The OASIS Web Services Security (WS-Security) Version 1.1 specification is the building block used in conjunction with other web service and application-specific protocols to accommodate a wide variety of security models. Web Services Security for WebSphere Application Server is based on specific standards that are included in the OASIS Web Services Security Version 1.1 specification and profiles.
The Version 1.1 specification defines additional facilities for protecting the integrity and confidentiality of a message. The Version 1.1 specification also provides the mechanisms for associating security-related claims with the message. The Web Services Security Version 1.1 standards that are supported by WebSphere Application Server include the signature confirmation, encrypted header elements, the Username Token Profile and the X.509 Token Profile. The Username Token Profile and the X.509 Token Profile have been updated as Version 1.1 profiles. For the X.509 Certificate Token Profile, one new type of security token reference is the Thumbprint reference, which is specified in the binding.
XML Schema, Part 1 and Part 2 are specifications that explain how schemas are organized in XML documents. The two WS-Security Version 1.0 schemas have been updated to the Version 1.1 specifications plus a new Version 1.1 schema has been added. Note that the Version 1.1 schema does not replace the Version 1.0 schema but instead builds upon it by defining an additional set of capabilities within a Version 1.1 namespace.
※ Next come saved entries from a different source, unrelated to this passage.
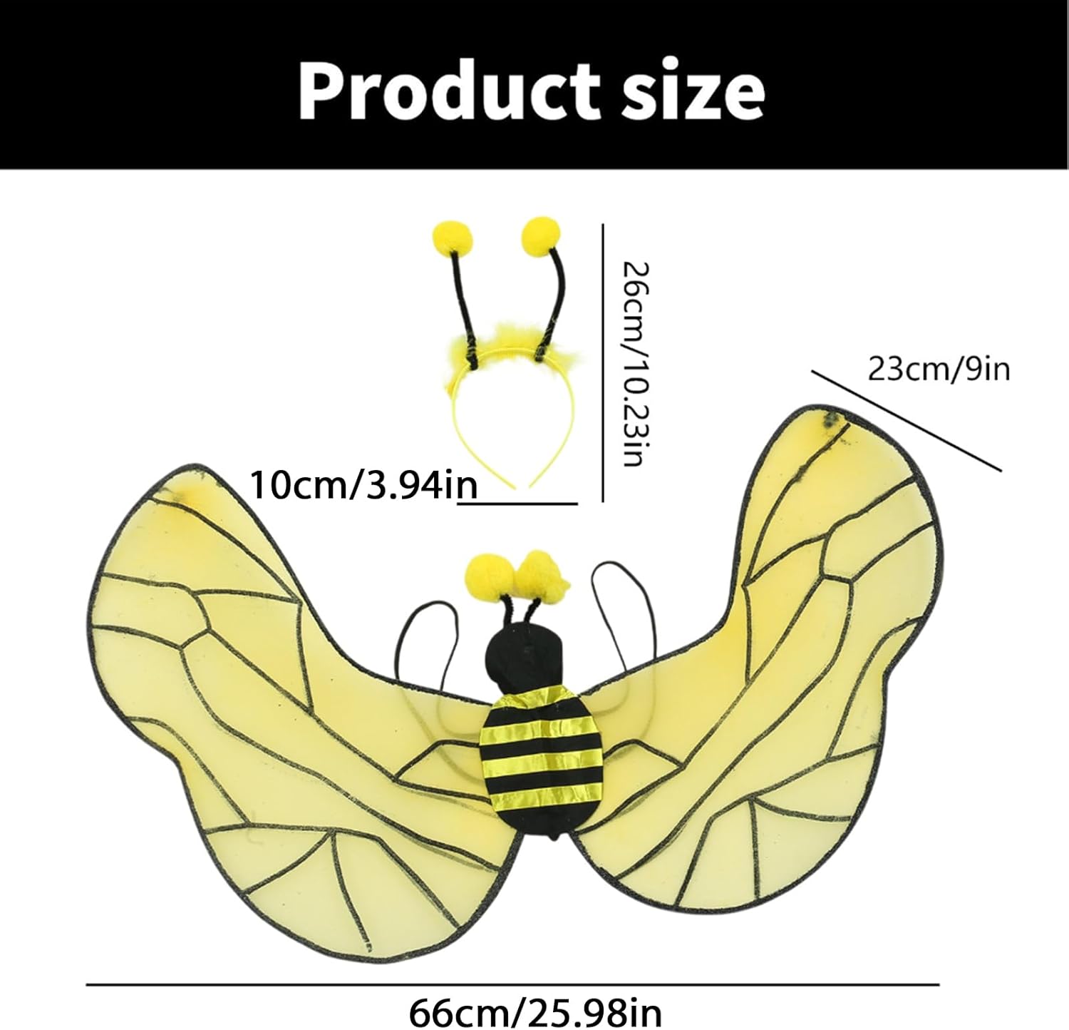 Accessori per costume da api, ali di api, bacchetta magica, fascia per orecchie, elastico regolabile per adattarsi al set adatto per donne adulte, ragazze. Facile da indossare e da togliere, l'ala delle api con elastico in vita, si può indossare facilmente per vestire qualsiasi outfit. Materiali realizzati in stoffa, comodi, morbidi, leggeri da indossare, facili da spostare, cosplay e danza. Ampia gamma di applicazioni, è per festival all'aperto, feste a tema fiabe, costume di Halloween, fotografia, regali di compleanno per ragazze, spettacoli di danza, travestimenti da principessa delle fate, abbigliamento quotidiano, spettacoli scolastici. Il pacchetto include: Kit costume api
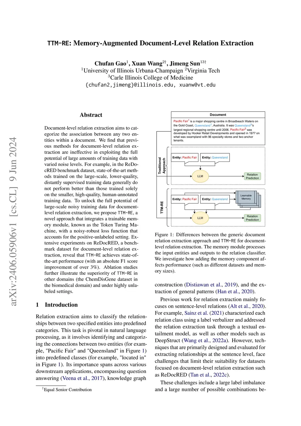 TTM-RE: Memory-Augmented Document-Level Relation Extraction
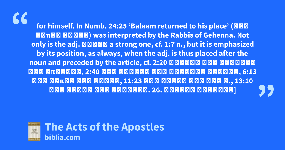 for himself. In Numb. 24:25 ‘Balaam returned to his place’ (τὸν τόπον αὐτοῦ) was interpreted by the Rabbis of Gehenna. Not only is the adj. ἴδιος a strong one, cf. 1:7 n., but it is emphasized by its position, as always, when the adj. is thus placed after the noun and preceded by the article, cf. 2:20 ἡμέραν τὴν μεγάλην καὶ ἐπιφανῆ, 2:40 τῆς γενεᾶς τῆς σκολιᾶς ταύτης, 6:13 τοῦ τόπου τοῦ ἁγίου, 11:23 τὴν χάριν τὴν τοῦ θ., 13:10 τὰς ὁδοὺς τὰς εὐθείας. 26. ἔδωκαν κλήρους]
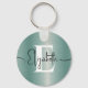 Girly Blue Brushed Metal Monogram and Script Name Keychain
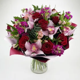 «Бордо» - это изысканный и роскошный букет, в котором преобладает насыщенный бордовый цвет орхидей. Этот букет выглядит элегантно и привлекательно, подчеркивая изысканный вкус и стиль получателя. Орхидеи в букете «Бордо» создают атмосферу роскоши и изысканности, делая его идеальным подарком для особых случаев или для тех, кто ценит изысканность и красоту.

Use the following methods to configure Web Services Security and to define policy types to secure the SOAP messages:
- Use the administrative console to configure policy sets.
This method uses the bootstrap policy defined in the policy set. Use policy sets, or assertions about how services are defined, to simplify the security configuration for web services. Use the administrative console to create, modify, and delete custom policy sets. A set of default policy sets are available.
For example, we can define the bootstrap policy in the policy set to secure the Web Services Trust (WS-Trust) SOAP messages.
We can also use the administrative console to perform policy set management tasks and to secure web services using encryption, signing information, and security tokens.
The following steps high-level steps describe how to configure WebSphere Application Server to use WS-Security and to secure the SOAP messages using the administrative console. The generator and consumer tasks that are discussed in the following steps use WS-Security Versions 1.0 and 1.1.
- Create and configure the application policy sets or the system policy sets for trust service.
- Define the policy types to be used to secure the SOAP messages when creating and configuring the policy sets.
- Configure the policy set binding. Select either the symmetric or asymmetric binding assertion to describe the token type and the algorithm to be used for message protection.
- Assemble your Web Services Security-enabled application by using an assembly tool.
- Use the Web Services Security APIs (WSS API) to configure the SOAP message context (only for the client)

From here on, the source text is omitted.